This forces the kernel to read all pages and it should keep them in cache, if there is enough free memory to do so. You may also need to prefetch all dynamically linked libraries to prevent startup delays.

----------

## NeddySeagoon

Link31,

yes ... the problem as you state is   *Link31 wrote:*   

> ... if there is enough free memory to do so

 which is not something you can control

----------

## VanFanel

And... is there some way to know what libraries is an executable going to use?

Some kind of utility to show the libraries it's linked against?

That way, I could try prefetching every library used by an executable prior to execution...

----------

## Sadako

 *VanFanel wrote:*   

> And... is there some way to know what libraries is an executable going to use?
> 
> Some kind of utility to show the libraries it's linked against?
> 
> That way, I could try prefetching every library used by an executable prior to execution...

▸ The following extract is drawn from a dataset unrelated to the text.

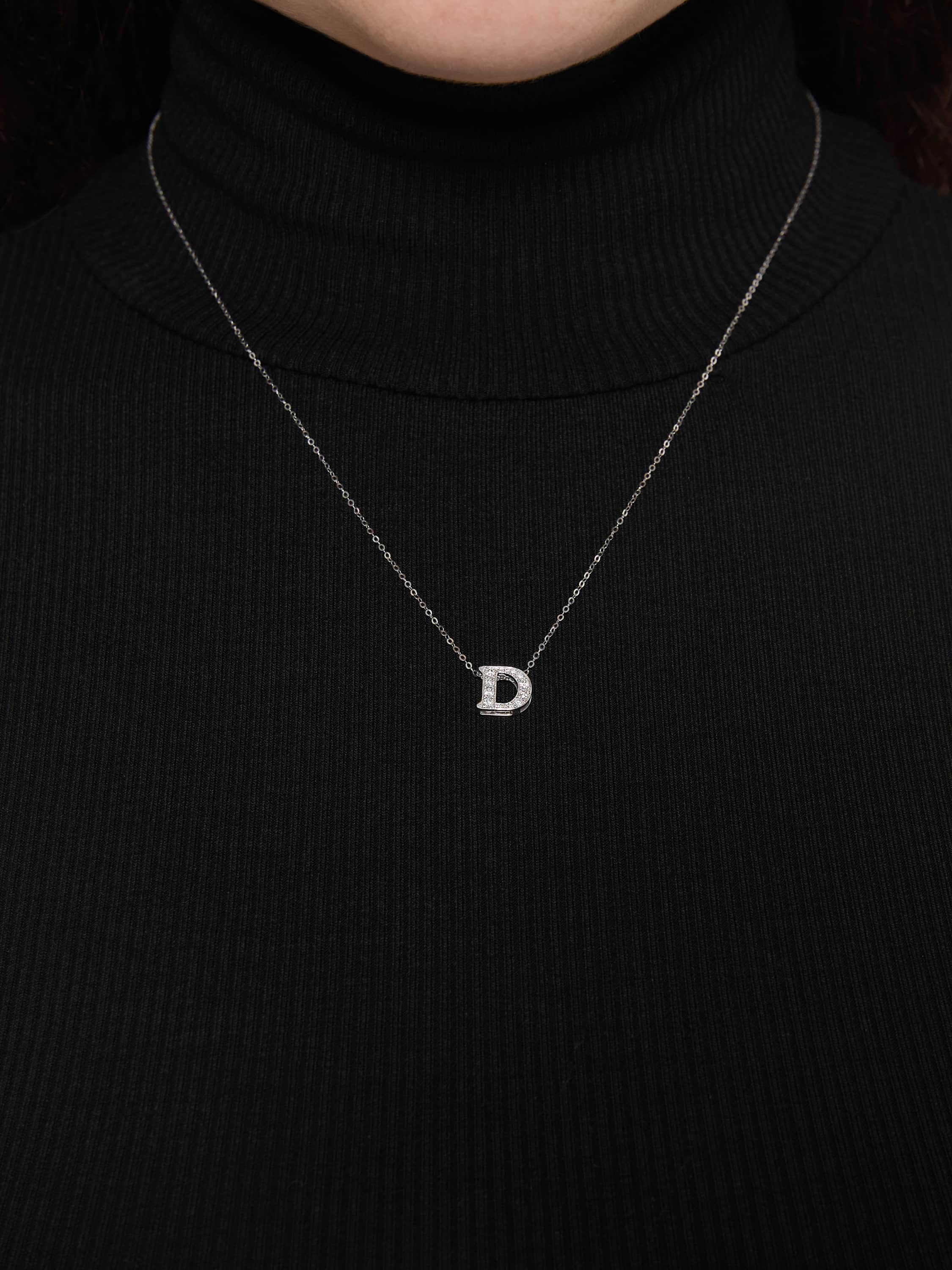 White gold necklace with a pendant in the shape of the letter D

 Run ldd (or the nicer lddtree.sh) on the binary in question.

----------

## Link31

 *NeddySeagoon wrote:*   

> yes ... the problem as you state is   *Link31 wrote:*   ... if there is enough free memory to do so which is not something you can control

 

There is always some way to control the memory management, in this case you would need to call mlockall(2) from inside the process after having prefetched it. But this requires root privileges or the CAP_IPC_LOCK capability. It's widely used in real-time programs though.

----------

## VanFanel

Well, I made a script that launched lddtree on a given executable, then prefetches every library used by it. 

No great differences in most programs, but prefetchind the data files of MS-DOS games before running them in DOSBOX sure gave a good boost in the initial run (not very usefull, but hey!  :Very Happy: )

Could it be possible to use the CAP_IPC_LOCK on a binary without modifying the sources? No problems with privileges here. It's my home system I'm experimenting with.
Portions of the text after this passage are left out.